__Exercise requirements__. Copy nothing but the lines below, from the one with "Pic 4 Body Language" through the one with "1063 Marne Boulevard Hinesville - $179,900", exactly as written; no pictures should appear.
------ Data to examine
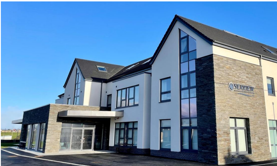
Above: Seaview CEF Christian Camp & Conference Centre. The hub for many CEF Camps across the summer months, including Mourne Junior Camp and CEF North Dublin Teams.

"The LORD BLESS you and KEEP you; the LORD make his face SHINE on you and be GRACIOUS to you; the LORD turn his face toward you and give you PEACE." NUMBERS 6:24-26
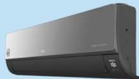
ART COOL MIRROR
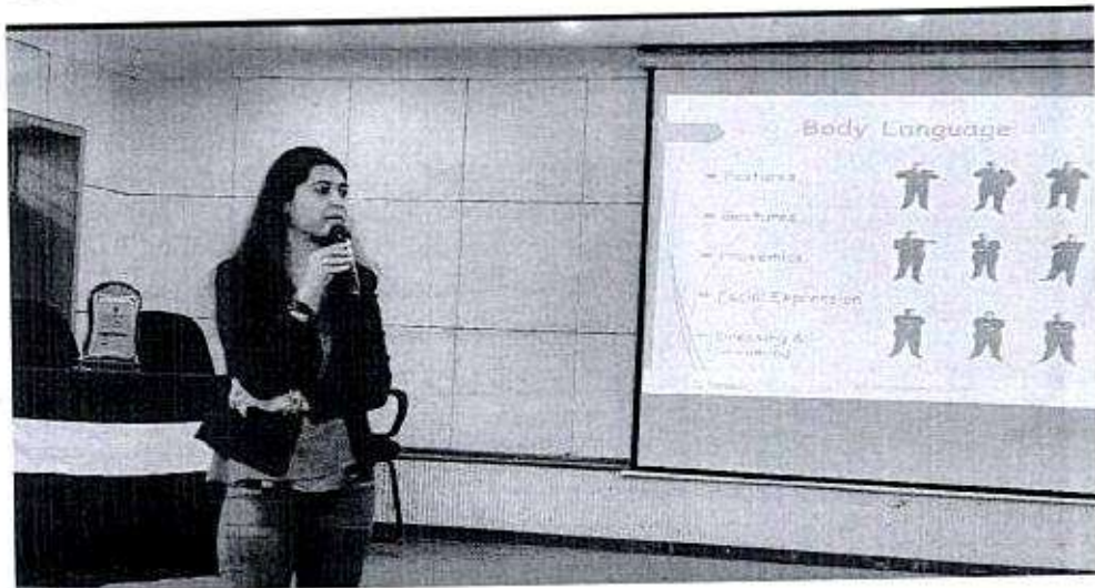
Pic 4 Body Language and how to have good body language
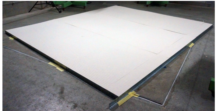
Test specimen installed in laboratory for testing
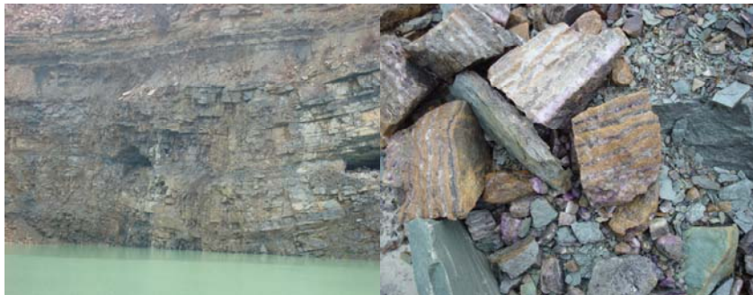
Photos of Hastie Quarry

Hastie Fluorite Quarry, where, if we can get permission to enter, we can collect some gorgeous fluorite pieces:
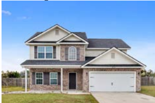
1063 Marne Boulevard Hinesville - $179,900

Charcoal steaks never tasted as good as when cooked in your own backyard with a nice patio. Let this home be your home. It is perfect for starting new family traditions! This home is located near Ft. Stewart Gate 7. Jimmy Shanken, Coldwell Banker Holtzman REALTORS, 912-368-4300 or 912-977-4733 or email jimmy.shanken@coldwellbanker.com
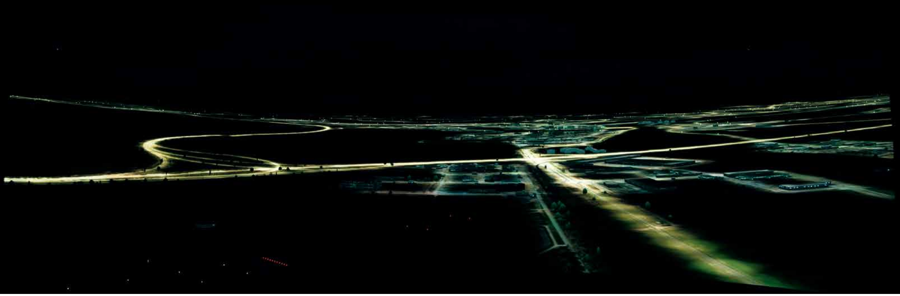
ZEISS VELVET SIM LED VISIR benefits
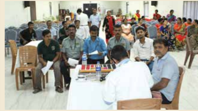
Health Awareness Camp
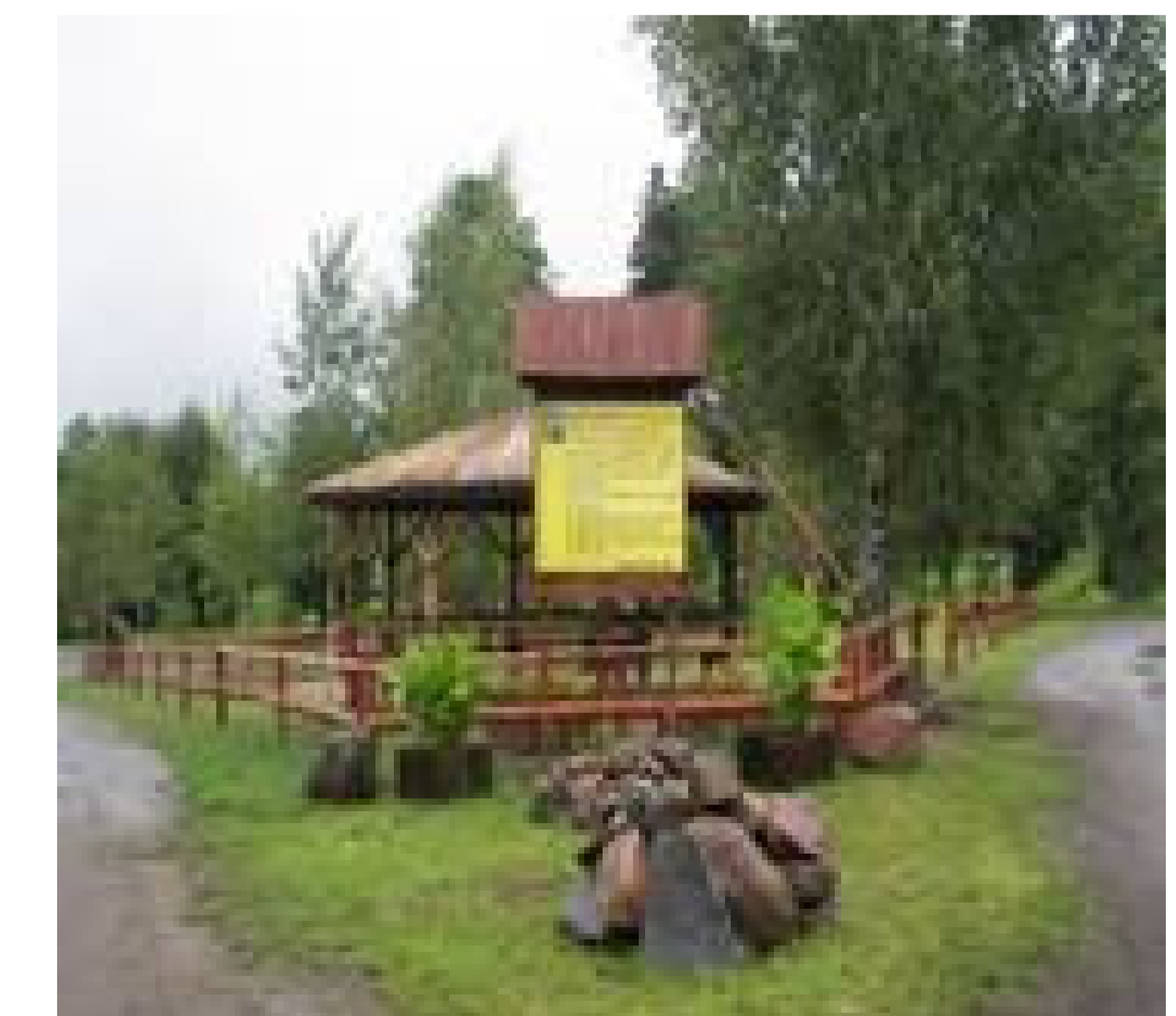
Public spaces in village
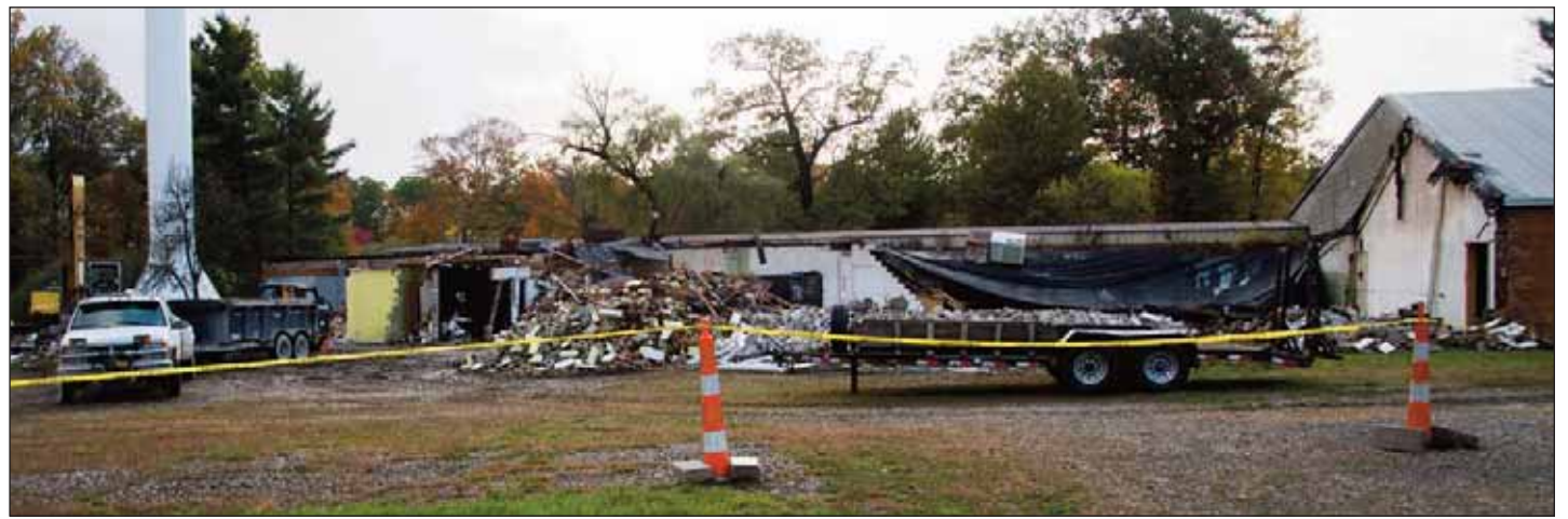
THE MADISON TOWNSHIP TRUSTEES hired H and T Demolition of Mansfield to remove the old township building located on Expressview Dr.
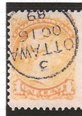
OTTAWA OC/16/89 0.00310"
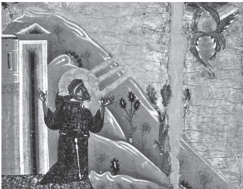
Stigmata (from Bardi Dossal 1245)

The recreation of the first Christmas scene at Greccio, the intense love for the Eucharist, and the mystical events of a lonely retreat on LaVerna and the reception of the stigmata bear eloquent witness to Francis' tremendous devotion to Christ.
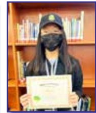
Elysia Hyun Electives
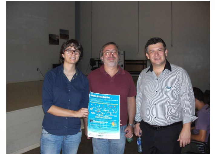
University of Brasília
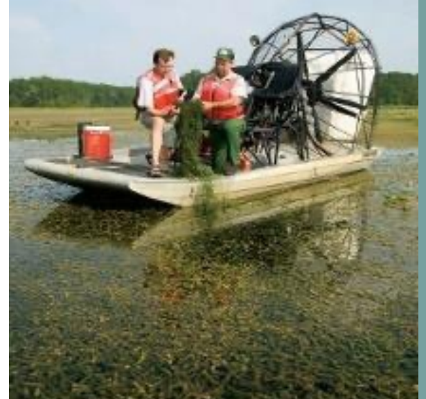
Left: Water hyacinth Right: Hydrilla on a Florida lake
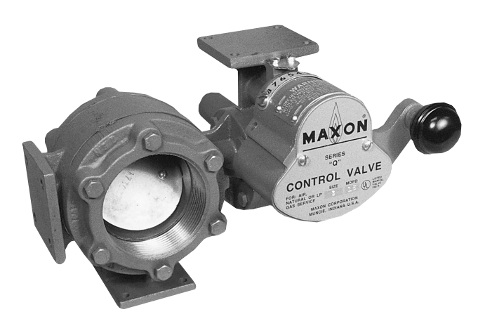
3" Series "Q" Valve

Series "CV" Control Valves incorporate a fullflow, fixed gradient butterfly valve design for high capacities at low pressure drops, using minimum operating torque.
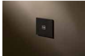
USB supply unit 2A Sn0118
------------
__Solution__.
Pic 4 Body Language and how to have good body language
Test specimen installed in laboratory for testing
Photos of Hastie Quarry

Hastie Fluorite Quarry, where, if we can get permission to enter, we can collect some gorgeous fluorite pieces:
1063 Marne Boulevard Hinesville - $179,900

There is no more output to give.